#### Your objective:
Set each entry down verbatim, omitting images.

#### Records shown:
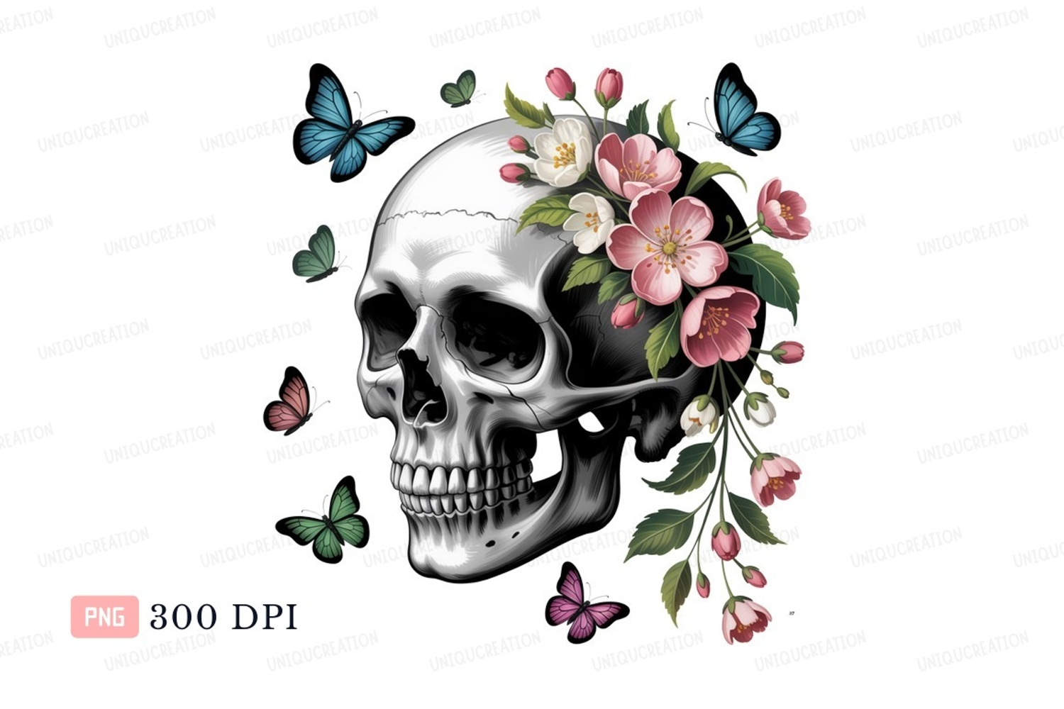Skull flowers butterflies pink white
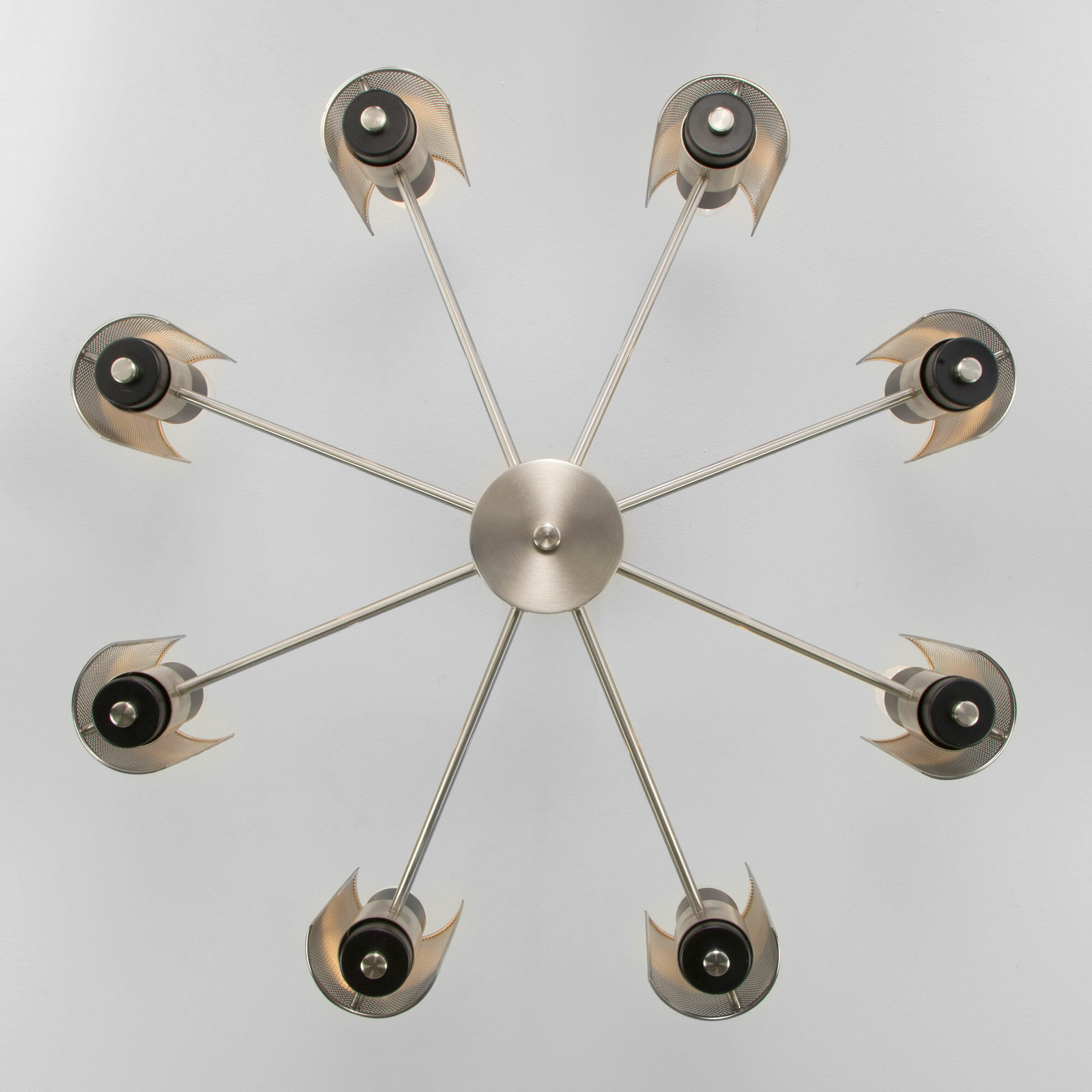 Осветительный прибор сделан в стиле Современный. Подходят лампы с цоколем E14 мощностью 60 Вт, в количестве 8 ед. Цвет модели a057948: Никель.
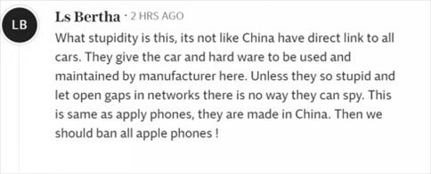 “這是多么愚蠢啊,中國(guó)又不是和所有汽車都有直接聯(lián)系。他們把汽車和硬件交給這里的制造商使用和維護(hù)。除非他們蠢到讓網(wǎng)絡(luò)出現(xiàn)漏洞,否則他們不可能進(jìn)行間諜活動(dòng)。這和蘋果手機(jī)一樣,都是中國(guó)制造的。那么我們應(yīng)該禁止所有蘋果手機(jī)!”
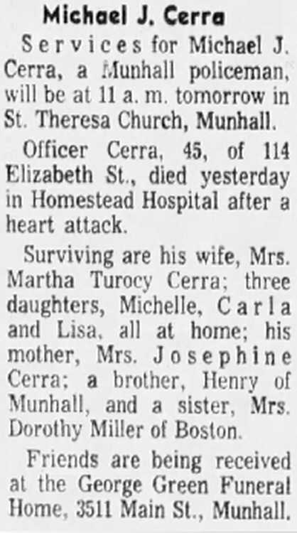 Officer Cerra, 45, of 114 Elizabeth St., died yesterday in Homestead Hospital after a heart attack.
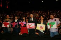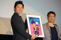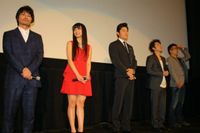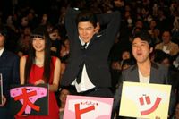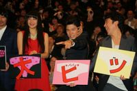 『HK変態仮面』の初日舞台挨拶に登壇した鈴木亮平と清水富美加
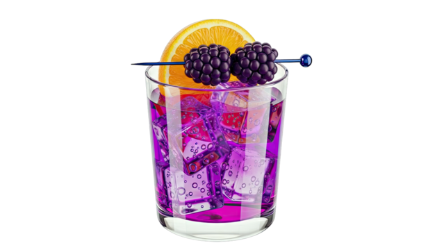 Purple Cocktail with Blackberries and Orange Slice
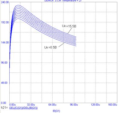Анализ показывает, что значение h21 зависит от режима транзистора. На рис.4.9 на примере demo4_3 показана зависимость h21(IБ, UК) при значениях UК= 0.5, 2.5…15.5. Здесь видно, что на начальном участке при малых токах базы параметр h21 быстро растет, достигает максимума, а потом плавно уменьшается.
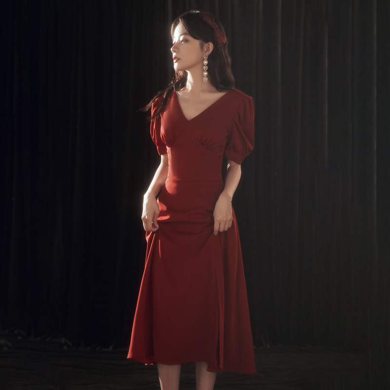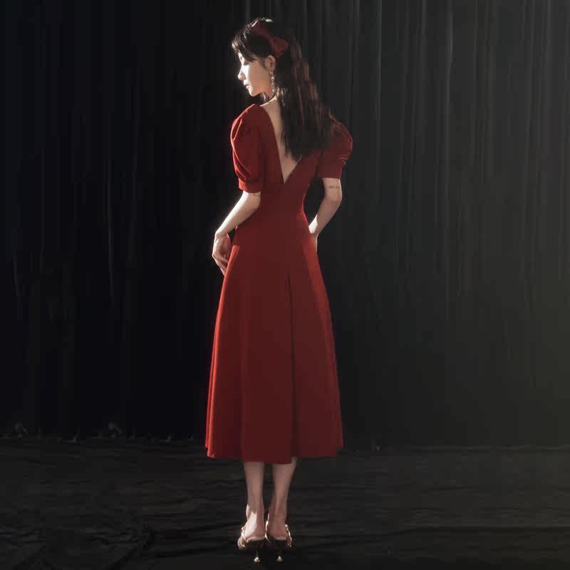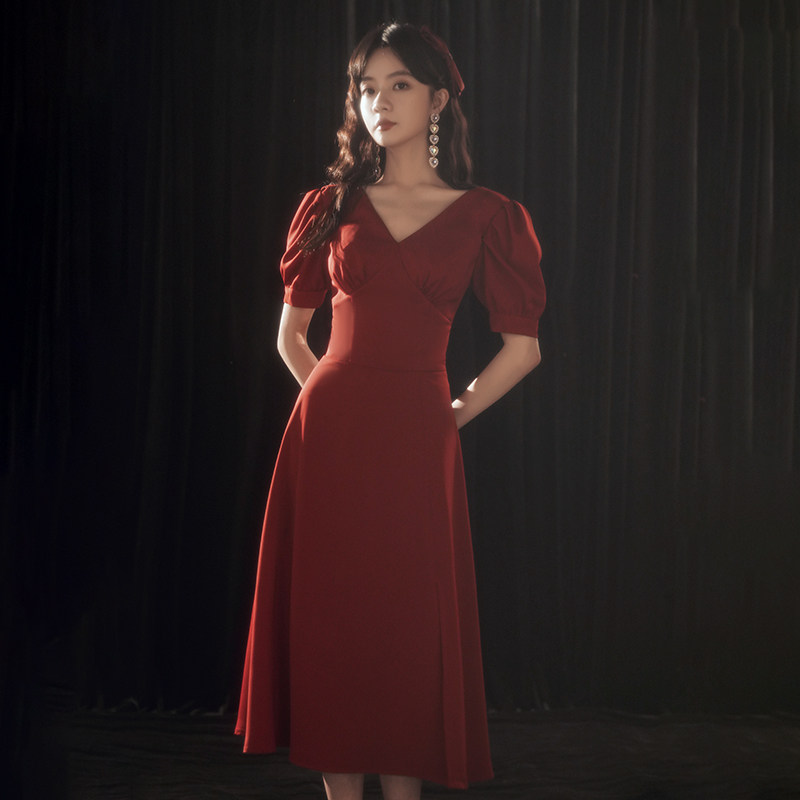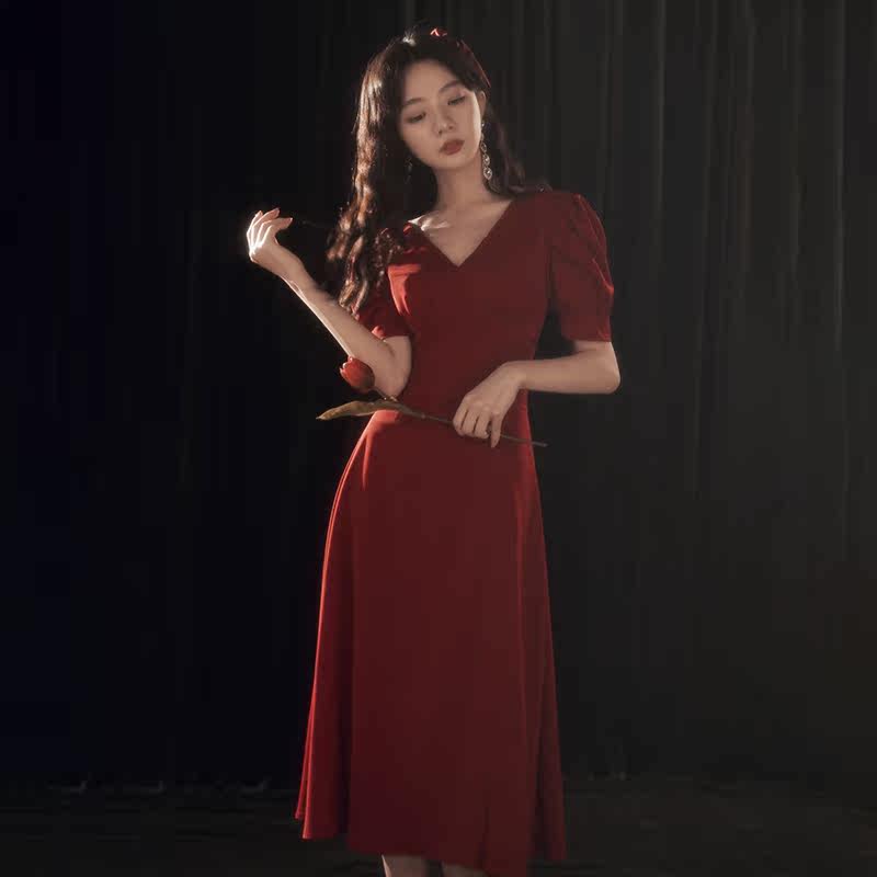 Bridal satin toast dress 2021 new wedding engagement temperament back door dress skirt summer can usually be worn atmospheric
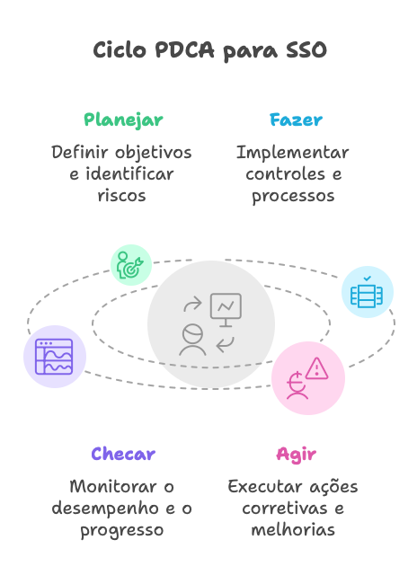A norma adota o Ciclo PDCA (Plan-Do-Check-Act) como base para a melhoria contínua e a abordagem de riscos (risk-based thinking) como forma de identificar, avaliar e tratar riscos e oportunidades de SSO. Isso significa:
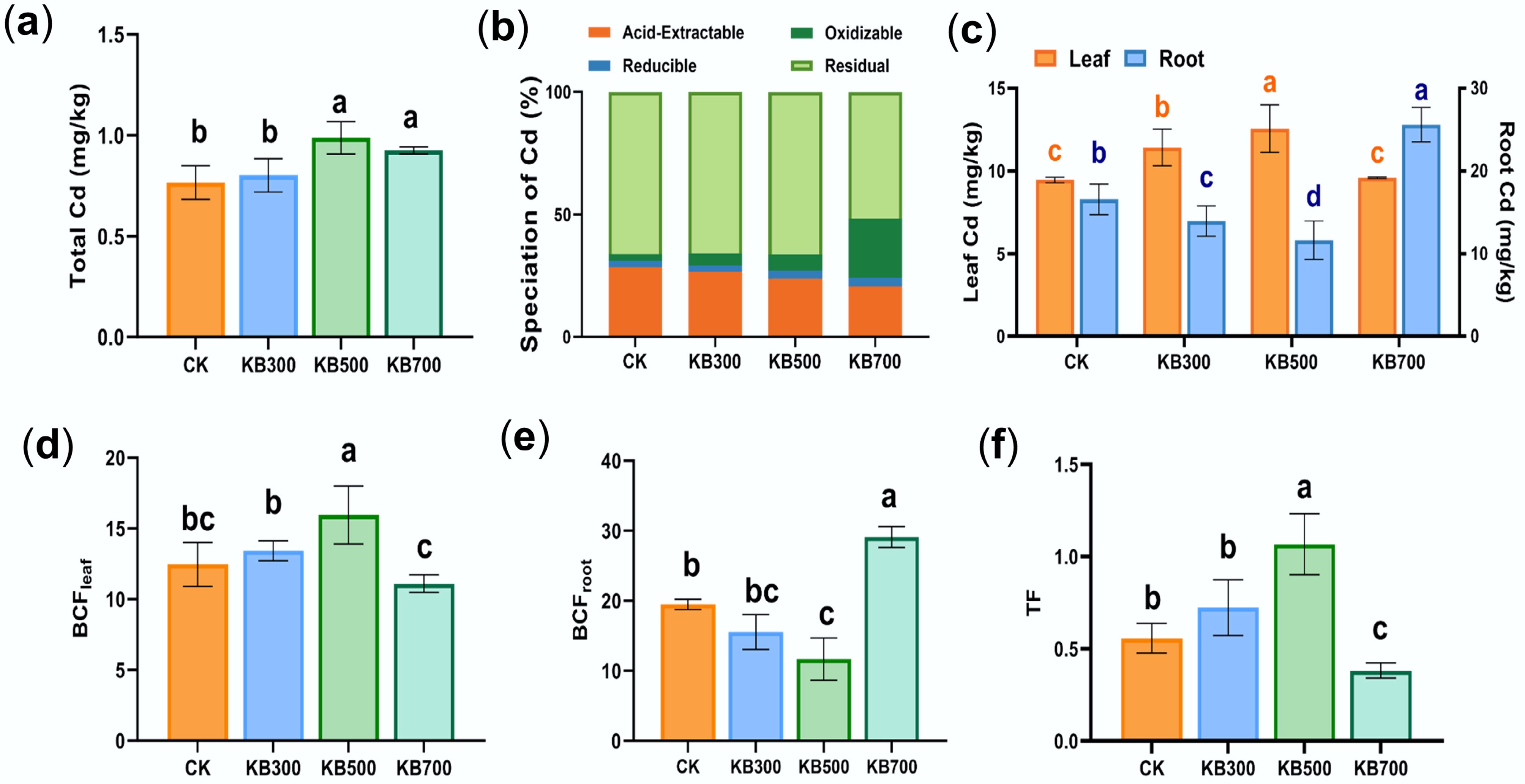 Cd concentration, chemical speciation, and bioconcentration factor (BCF) in soil under biochar treatments. (a) Total Cd concentration in soils under different treatments. (b) The fraction distribution of Cd under each treatment. (c) The concentration of Cd in plant roots and leaves. (d) The bioconcentration factor of Cd in plant leaves. (e) The bioconcentration factor of Cd in plant roots. (f) The translocation factor of Cd from roots to leaves. (CK represents the control group; KB indicates treatments with biochar prepared at different pyrolysis temperatures).

#### Answer space:
Skull flowers butterflies pink white
 Осветительный прибор сделан в стиле Современный. Подходят лампы с цоколем E14 мощностью 60 Вт, в количестве 8 ед. Цвет модели a057948: Никель.
 “這是多么愚蠢啊,中國(guó)又不是和所有汽車都有直接聯(lián)系。他們把汽車和硬件交給這里的制造商使用和維護(hù)。除非他們蠢到讓網(wǎng)絡(luò)出現(xiàn)漏洞,否則他們不可能進(jìn)行間諜活動(dòng)。這和蘋果手機(jī)一樣,都是中國(guó)制造的。那么我們應(yīng)該禁止所有蘋果手機(jī)!”
 Officer Cerra, 45, of 114 Elizabeth St., died yesterday in Homestead Hospital after a heart attack.
 『HK変態仮面』の初日舞台挨拶に登壇した鈴木亮平と清水富美加
 Purple Cocktail with Blackberries and Orange Slice
Анализ показывает, что значение h21 зависит от режима транзистора. На рис.4.9 на примере demo4_3 показана зависимость h21(IБ, UК) при значениях UК= 0.5, 2.5…15.5. Здесь видно, что на начальном участке при малых токах базы параметр h21 быстро растет, достигает максимума, а потом плавно уменьшается.
 Bridal satin toast dress 2021 new wedding engagement temperament back door dress skirt summer can usually be worn atmospheric
A norma adota o Ciclo PDCA (Plan-Do-Check-Act) como base para a melhoria contínua e a abordagem de riscos (risk-based thinking) como forma de identificar, avaliar e tratar riscos e oportunidades de SSO. Isso significa:
 Cd concentration, chemical speciation, and bioconcentration factor (BCF) in soil under biochar treatments. (a) Total Cd concentration in soils under different treatments. (b) The fraction distribution of Cd under each treatment. (c) The concentration of Cd in plant roots and leaves. (d) The bioconcentration factor of Cd in plant leaves. (e) The bioconcentration factor of Cd in plant roots. (f) The translocation factor of Cd from roots to leaves. (CK represents the control group; KB indicates treatments with biochar prepared at different pyrolysis temperatures).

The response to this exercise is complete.